Dey v. Edward G. Smith & Associates, Inc.

BISTLINE, Justice,

specially concurring.

I do not disagree with the Court’s opinion which directs that a hearing be held before the Commission because of the inadequate telephonic hearing conducted by the Department’s appeals examiner. Accordingly, I have joined not only the Court’s judgment but its opinion as well.

However, keeping in mind that the Commission, apparently not sharing the Court’s view as to the quality of the Department’s hearing, proceeded to consider and affirm the Department’s appeals examiner, it was and continues to be my view that the Court could do as it did just the other day in Bortz v. Pay less Drug Store, 110 Idaho 942, 719 P.2d 1202 (Sup.Ct.1986). There we accepted the facts found but, disagreeing as to the conclusion drawn (which is not binding on us), we reached our own conclusion and, on reversing, directed the entry of an award in favor of claimant.

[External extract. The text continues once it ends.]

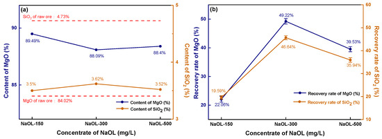 As observed in Figure 7a, the magnesite concentrate obtained through direct flotation has an extremely high MgO content, reaching up to 89.49% when the NaOL concentration is 150 mg/L.
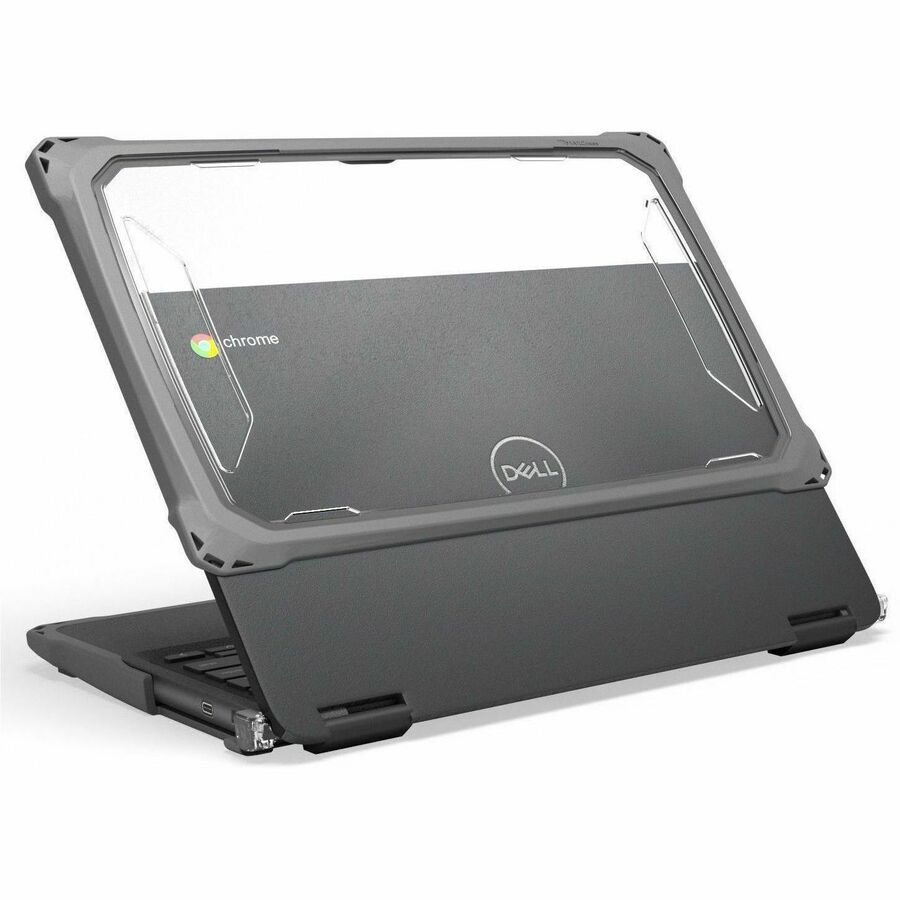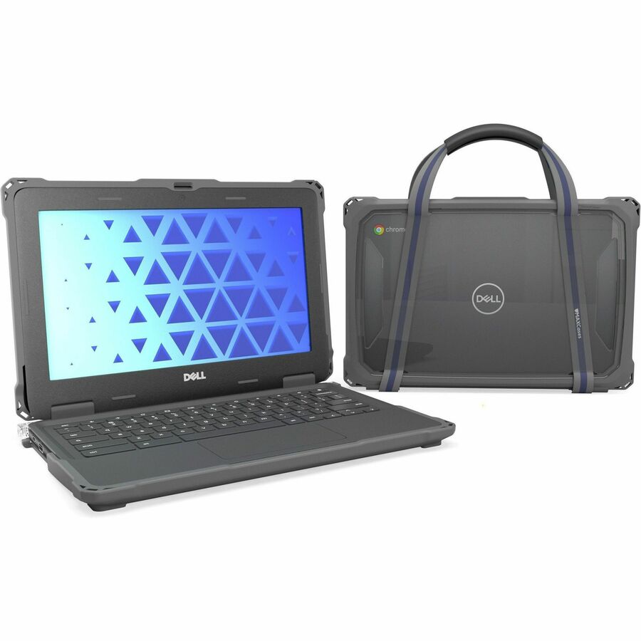 Featuring MAXCases' patented slide-on top design, the Extreme Shell-F Slide Case V3 protects Chromebooks with slide-on ease and enhanced screen protection in an updated, lighter-weight design. The slimmer top design further reduces carrying weight, without sacrificing durability or protection, while providing a sleek and easy-to-clean surface. The updated corners provide a slimmer profile designed to enhance protection under a wide range of impact circumstances. The innovative slide design disperses pressure evenly around the entire top perimeter, for a snug fit that eliminates pressure hotspots around the screen. Crafted with dual layers of tough TPU for outstanding impact and drop protection, the ESF3 case combines a cushioning inner layer with an oil- and dirt-resistant outer layer and is tested to meet MIL-STD 810G-516.6 for four-foot drops. The clear, rigid top and bottom panels prevent exterior damage and provide visibility for stickers and asset tags. The custom fit ensures easy access to all buttons and ports. For added convenience, the V3 design accommodates a handy carrying strap that fits snuggly against the case (sold separately).

The decision of the appeals examiner sets out the claimant’s reasons for quitting:

The claimant asserts that during the February 28, 1985, conversation, Mr. Smith became angry and grabbed her and set her down in a chair when she attempted to leave, and that in the meeting on March 1, 1985, he had a tape recorder going, and that she assumed that it was operating. She did not ask him if the recorder was operating. Mr. Smith asserts that the recorder was simply kept in his desk drawer and no recording of the meeting was made. The claimant asserts further that she overheard Mr. Smith make a telephone call to what she presumed to be an attorney saying that he wanted to fire her, but that he did not want her to be eligible for unemployment insurance benefits. She asserts that Mr. Smith had a violent temper, and that his behavior frightened her, and that he degraded and humiliated her. Other than the discussion on February 28, 1985, and March 1, 1985, the claimant provided no other examples of her allegations. Mr. Smith denies the allegations. Decision of Appeals Examiner, p. 3.

*949The conclusion of the appeals examiner, made in light of Burroughs v. Employment Security Agency, 86 Idaho 412, 387 P.2d 473 (1963), and Ellis v. Northwest Fruit & Produce, 103 Idaho 821, 654 P.2d 914 (1982), were, as I comprehend the same, that claimant failed to establish that there were compelling reasons for quitting and that her actions in quitting were not those of a “reasonably prudent person” under circumstances in which a claimant was treated in a humiliating, degrading, or harassing manner. Just as in Bortz, that conclusion is contrary to the proper conclusion to be drawn, which is that Dey acted reasonably in quitting such employment. While quitting any job may not be prudent, prudence is not any part of the Burroughs standard.